_WORK TASK_
For this exercise, return exactly the lines of the material below that begin at the one with "수많은 쌀 품종 가운데, 밀가루를" and stop after the one with "课上,许可秋以中国古典诗歌的".
┌─ SOURCE RECORDS
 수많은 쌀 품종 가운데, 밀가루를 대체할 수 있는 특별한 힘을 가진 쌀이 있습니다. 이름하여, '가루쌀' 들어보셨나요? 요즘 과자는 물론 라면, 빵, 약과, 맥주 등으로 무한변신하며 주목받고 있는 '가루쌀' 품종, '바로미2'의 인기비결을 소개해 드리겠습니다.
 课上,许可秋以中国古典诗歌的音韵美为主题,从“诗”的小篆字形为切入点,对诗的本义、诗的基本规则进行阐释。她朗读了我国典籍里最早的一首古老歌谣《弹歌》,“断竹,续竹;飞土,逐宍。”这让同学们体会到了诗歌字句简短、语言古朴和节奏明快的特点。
└─
┌─ SOURCE RECORDS
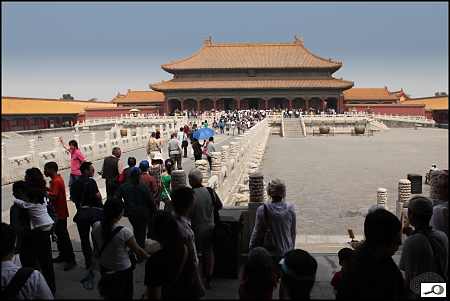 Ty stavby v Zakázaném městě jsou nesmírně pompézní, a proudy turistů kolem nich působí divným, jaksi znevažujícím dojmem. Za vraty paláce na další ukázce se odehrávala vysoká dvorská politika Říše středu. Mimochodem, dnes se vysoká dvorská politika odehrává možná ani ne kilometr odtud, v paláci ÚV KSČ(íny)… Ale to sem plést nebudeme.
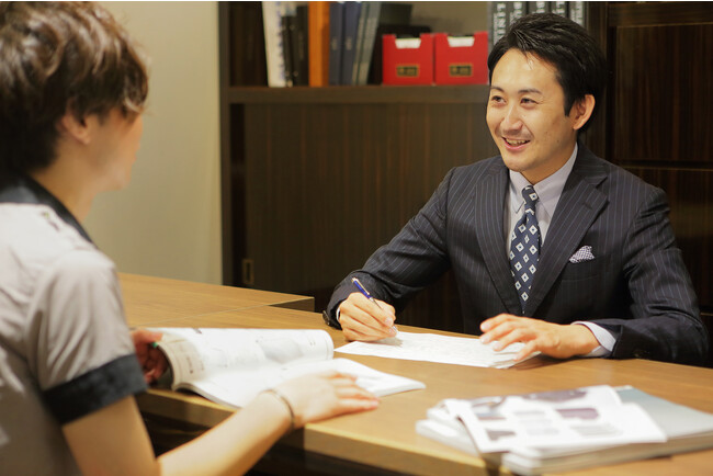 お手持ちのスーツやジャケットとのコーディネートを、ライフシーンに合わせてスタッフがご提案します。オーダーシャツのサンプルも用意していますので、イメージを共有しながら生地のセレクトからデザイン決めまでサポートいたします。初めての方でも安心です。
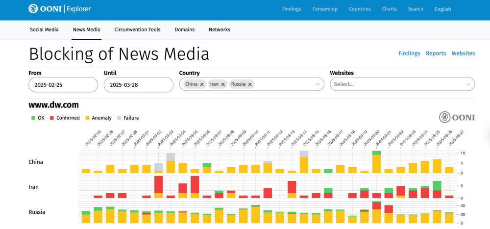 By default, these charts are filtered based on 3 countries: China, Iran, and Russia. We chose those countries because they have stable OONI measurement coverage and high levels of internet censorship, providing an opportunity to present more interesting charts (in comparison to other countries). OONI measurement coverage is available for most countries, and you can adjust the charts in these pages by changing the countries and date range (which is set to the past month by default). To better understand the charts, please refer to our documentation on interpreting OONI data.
└─
_RESPONSE TO THIS TASK_
 수많은 쌀 품종 가운데, 밀가루를 대체할 수 있는 특별한 힘을 가진 쌀이 있습니다. 이름하여, '가루쌀' 들어보셨나요? 요즘 과자는 물론 라면, 빵, 약과, 맥주 등으로 무한변신하며 주목받고 있는 '가루쌀' 품종, '바로미2'의 인기비결을 소개해 드리겠습니다.
 课上,许可秋以中国古典诗歌的音韵美为主题,从“诗”的小篆字形为切入点,对诗的本义、诗的基本规则进行阐释。她朗读了我国典籍里最早的一首古老歌谣《弹歌》,“断竹,续竹;飞土,逐宍。”这让同学们体会到了诗歌字句简短、语言古朴和节奏明快的特点。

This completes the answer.